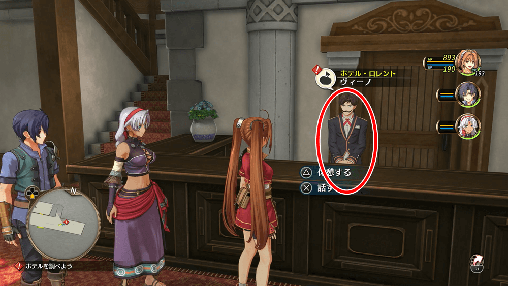 ホテルへ向かい、受付のヴィーノから話を聞こう。これ以降、序章クリアまでシェラザードがパーティに加わる。シェラザードは、最初から複数のアーツやクラフトを習得しているため、序章ではメイン火力として使うのが良い。
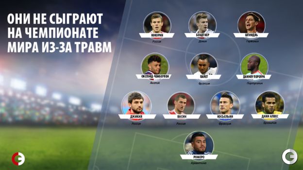 "СЭ" составил символическую сборную из тех футболистов, которые пропустят главный турнир года из-за различных повреждений. Сборная России перед чемпионатом мира-2018 пострадала сильнее всех.
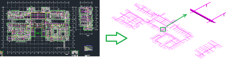 橄榄山风系统翻模和喷淋管道翻模,能够利用现有的DWG图纸快速高效的在Revit中转化成模型。 机电深化工具专门针对设备管线综合而开发,碰撞工具让管综检查和出具报告可以直接在Revit中完成。
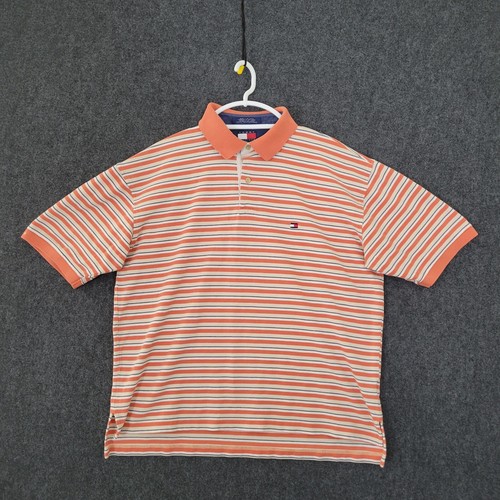 Tommy Hilfiger Polo Shirt Mens Extra Large Orange Striped Knit Logo Short Sleeve Ebay
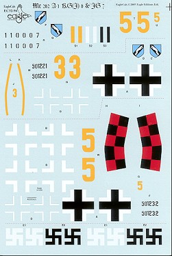 The modeler will have to paint the JG 7 fuselage bands on both aircraft. The sheet includes enough insignia to do two of the options.
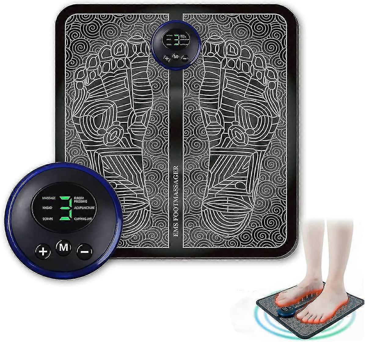 Improve Blood Circulation: Improve Blood Circulation In The Feet And Legs; Relieve Pain And Relieve Foot And Body Pain; Increases Leg Muscle Activity, Decreases Leg Muscle Weakness. It Has A Supporting Effect On Various Leg Problems. Such As Foot Neuropathy, Cramps, Plantar Fasciitis, Etc.9 Adjustable Intensities And 6 Massage Modes: 9 Adjustable Intensity Levels And 6 Vibration Modes Directly Stimulate Acupuncture Points, Can Quickly Relieve Pain, Slow Physical And Mental Fatigue And Improve Sleep. 15 Minutes Is A Treatment Time, When The Time Is Up, It Will Automatically Turn Off.Foldable Design And Usb Charging: Unlike The Traditional Heavy Foot Massager, Our Foot Massagers Are Just A Soft Foot Pad And Comfortable. It Is Lightweight, Foldable And Easy To Carry Anywhere. With A Usb Battery, You Can Relax Anywhere.Quiet Operation And Easy To Clean: It Is Made Of Soft Yoga Mat Material, Leather Surface, Can Be Dried With A Damp Towel After Use . Calm And Silent. Can Be Used While Watching Tv, Reading, Working In The Office Or Relaxing. Suitable For All Foot Types And Different Foot Sizes.Foot Massager - With Ems Technology, Your Foot Massager Will Easily Release Your Tired Feet And Calf Muscles And Improve Blood Circulation. The Silver Ion Circuit Board Gives You A Comfortable And Healthy Experience. Different From Conventional Foot Massagers, This Ems Foot Massager Is Very Gentle And Suitable For All Skin Types.

--

▶ Problem
Write out, exactly and with no pictures, the lines of the data from the first through the line containing "橄榄山风系统翻模和喷淋管道翻".

▶ Your solution
 ホテルへ向かい、受付のヴィーノから話を聞こう。これ以降、序章クリアまでシェラザードがパーティに加わる。シェラザードは、最初から複数のアーツやクラフトを習得しているため、序章ではメイン火力として使うのが良い。
 "СЭ" составил символическую сборную из тех футболистов, которые пропустят главный турнир года из-за различных повреждений. Сборная России перед чемпионатом мира-2018 пострадала сильнее всех.
 橄榄山风系统翻模和喷淋管道翻模,能够利用现有的DWG图纸快速高效的在Revit中转化成模型。 机电深化工具专门针对设备管线综合而开发,碰撞工具让管综检查和出具报告可以直接在Revit中完成。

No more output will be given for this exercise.